Minimalist designer Francisco Costa was in an experimental mood for Fall/Winter 2016, which saw him adding artistic splashes to nearly every surface. After exploring the slip dress last season, Costa returned to another staple of the Calvin Klein brand: the suit. The suit is the ultimate New York statement piece, and every NYFW designer has placed their spin on the classic at one time or another. This season, Costa’s suits are amply cut and oversized, done with pin stripes, simple silk, or fluid surfaces trimmed with contrast piping. To add movement to the already-roomy silhouette of his suits, Costa also added in buckles and harnesses that were left to flap in the wind as his models walked the runway.
The suit is the ultimate New York statement piece, and every NYFW designer has placed their spin on the classic at one time or another.

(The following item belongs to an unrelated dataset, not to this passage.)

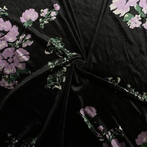 Siyah Üzerine Pembe Çiçekli İpek Kadife Kumaş 31

When he wasn’t narrowing in on suiting, Costa was experimenting with plaid in multiple patterns and hues that were collaged together on single looks, or worn in a single tone with a lavish fur collar. Plaid touched the surfaces of sleeveless sheaths, zip-front frocks, luxe car coats, and more. But plaid surfaces and pin-striped suiting can hardly be called a fashion-forward collection, which is why Costa upped the ante by including deliberately unfinished hemlines to many of his looks, to obstruct the polish of his aesthetic with a sense of imminent decay. Other creative touches included a series of “meta” prints that mimicked the look of fur, and dresses that featured cut-outs along the trunk that were filled in with what looked to be slices of agate stone. Among his strongest looks was a coat made from strips of opulent fur stitched side-by-side to leather panels, and a stunning duster that glittered like the night sky. While some designers get mired by oversized silhouettes and relaxed fits, Costa kept his surfaces from being slouchy or frumpy by including these witty little moments of artistry – the kind that make you look twice.